Once in Tokyo, Dan realizes he really wants to be a good father, and leaves the meeting without sealing the deal. They rush with Craig, who has returned from Tokyo, to Vermont for the kids' birthday party, but do not get into the Burlington Zoo in time and are forced to break in, encountering an affectionate gorilla and hostile penguins. Dan pays a birthday party performer hired by Vicki for his jet pack, flies into the party, and wins over his kids again.

One year later, Dan and Vicki are back together, Charlie is married, and Craig has become like an "uncle" to the kids.

==Cast==
- Robin Williams as Dan Rayburn, the friend of Charlie
- John Travolta as Charlie Reed, the friend of Dan
- Kelly Preston as Vicki Greer, Dan's wife
- Seth Green as Craig White, Dan & Charlie's friend
- Ella Bleu Travolta as Emily Greer, Dan & Vicki's daughter and Zach's fraternal twin sister
- Lori Loughlin as Amanda, Charlie's love interest
- Conner Rayburn as Zach Greer, Dan & Vicki's son and Emily's fraternal twin brother
- Matt Dillon as Troop Leader Barry
- Rita Wilson as Jenna
- Bernie Mac as Jimmy Lunchbox
- Justin Long as Troop Leader Adam (uncredited)
- Dax Shepard as Child Proofer Gary (uncredited)
- Luis Guzmán as Child Proofer Nick (uncredited)
- Sab Shimono as Yoshiro Nishamura
- Kevin W. Yamada as Riku
- Ann-Margret as Martha
- Amy Sedaris as Condo Woman
- Laura Allen as Kelly
- Bradley Steven Perry as Soccer Kid
- Dylan Sprayberry as Soccer Kid
- Paulo Costanzo as Zoo Maintenance (uncredited)
- DeRay Davis as Zoo Security Guard (uncredited)
- Paul Thornton as Restaurant Patron (uncredited)
- Residente as Tattoo Artist
- Tom Woodruff Jr. as Gorilla, a zoo creature that encounters the "Old Dogs" and begins taking a liking to Craig

===Muppet performers===
The following performed the puppets in Jimmy Lunchbox's show and are credited as "Muppets":

- Bruce Connelly
- Josh Cohen
- Joe Kovacs
- John Kennedy
- Noel MacNeal
- Matt Vogel

==Production==
In September 2005, it was reported that New Line Cinema had acquired a comedy pitch from writers David Diamond and David Weissman centering on boorish men similar in tone to Wedding Crashers to be produced by Tapestry Films. In July 2006, one week after assuming the duty as President of Walt Disney Pictures, Oren Aviv made a seven figure deal for the buddy comedy pitch, which Aviv described as having broad appeal while veering towards an adult audience. In April 2007, it was reported Robin Williams, John Travolta, and Kelly Preston had signed on to star in the film now titled Old Dogs to be directed by Walt Becker, who directed Travolta in Wild Hogs.

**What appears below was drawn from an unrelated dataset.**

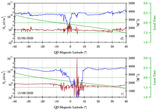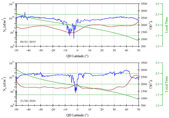 Figure 1 depicts an example of the data used. We looked at data from the satellite’s ascending orbit on 09/01/2019 between 13:24:07 UT and 14:01:32 UT, on 02/06/2019 between 10:29:06 UT and 11:06:22 UT, on 24/05/2020 between 11:23:47 UT and 12:01:14 UT, on 25/06/2020 between 10:47:22 UT and 11:24:44 UT and on 15/08/2020 between 02:34:09 UT and 03:11:32 UT. The green line represents the local time (LT), the red line the electron temperature (), and the blue line the electron density (). All of the quantities are reported using the quasi-dipole (QD) magnetic latitude. Despite the fact that our analysis focused on QD magnetic latitude between − and , Figure 1 depicts the trend of the quantities over a wider latitude range to provide an overview of the behavior of electron density and temperature along the satellite’s orbit. Equatorial electron density depletions can be seen approximately in the latitudinal range between − and , where electron density values drop sharply. Consistently with previous observations [45,46], equatorial electron density depletions are found in clusters, with one structure developing after another. What immediately stands out in these structures is the electron temperature trend. According to our selection procedure, the electron temperature is clearly far from being constant and is characterized by abrupt fluctuations that are undetectable outside of these irregularities. In all of the other chosen cases that are not displayed here, the temperature behaves in a similar manner. To evaluate the temperature within the identified plasma depletions and discern whether it generally registers as higher, lower, or similar to the ambient temperature in which these depletions develop and propagate, we utilized the empirical mode decomposition (EMD) method [47,48,49]. This enabled us to discern the large-scale trend of temperature, specifically within the plasma depletion. Indeed, the EMD method is a data analysis technique that is primarily used to decompose non-stationary and nonlinear time series data. Its effectiveness is particularly noticeable in the context of temperature data analysis. At its core, EMD is an adaptive, data-driven method that decomposes a signal into a finite set of intrinsic mode functions (IMFs) and a residual component called the residue. Each IMF represents a specific oscillatory mode within the signal, with varying temporal scales. IMFs are defined by two main criteria: they must have the same number of extrema and zero crossings, and at any point in the signal, the mean value of the envelope defined by the local maxima and the envelope defined by the local minima must be zero. The EMD process entails iteratively extracting IMFs from the original signal by following a sequence of steps: identifying all local maxima and minima, interpolating between them to generate a local mean (the envelope), computing the difference between the signal and its local mean to obtain the first IMF, and subsequently repeating this process on the residue (the original signal minus the first IMF) to extract subsequent IMFs. This iterative procedure continues until the residue becomes a monotonic function or meets a predetermined stopping criterion. The resulting IMFs capture the dominant oscillatory modes present in the signal across various temporal scales. Figure 2 presents an illustrative example of reconstructing the large-scale temperature trend using the EMD method. In detail, the figure displays temperature measurements recorded along the ascending orbit of the CSES satellite on 09/01/2019, and that on 25/06/2020. Overlaid onto this signal is the reconstructed temperature trend obtained by summing the IMFs characterized by the longest average scale (i.e., on the typical spatial scale of the plasma bubble) along with the residue. This reconstructed trend enables the determination of the average temperature within the depletions and facilitates comparison with the temperature outside the depletions. The majority of the studied depletions exhibit an average temperature lower than that of the background, while only a few cases show an average temperature higher or nearly equal to the background.

Canadian musician Bryan Adams wrote the theme song for the film, "You've Been a Friend to Me". The song became a Top 20 Adult Contemporary hit in his native Canada, reaching #13.

==Reception==

===Critical response===
Old Dogs was panned by critics. On Rotten Tomatoes, the film holds a rating of 5%, based on 110 reviews, with an average rating of 2.70/10. The site's consensus reads, "Its cast tries hard, but Old Dogs is a predictable, nearly witless attempt at physical comedy and moral uplift that misses the mark on both counts." The film was ranked number three on their list of the ten most moldy films of 2009.
At Metacritic, Old Dogs received an aggregated rating of 19 out of 100, based on 22 reviews, indicating "overwhelming dislike." Audiences polled by CinemaScore gave the film an average rating of "B+".

Film critic Roger Ebert gave Old Dogs a rating of one star out of a possible four. Ebert opened his review commenting, "Old Dogs is stupefying [sic] dimwitted. What were John Travolta and Robin Williams thinking of? Apparently their agents weren't perceptive enough to smell the screenplay in its advanced state of decomposition".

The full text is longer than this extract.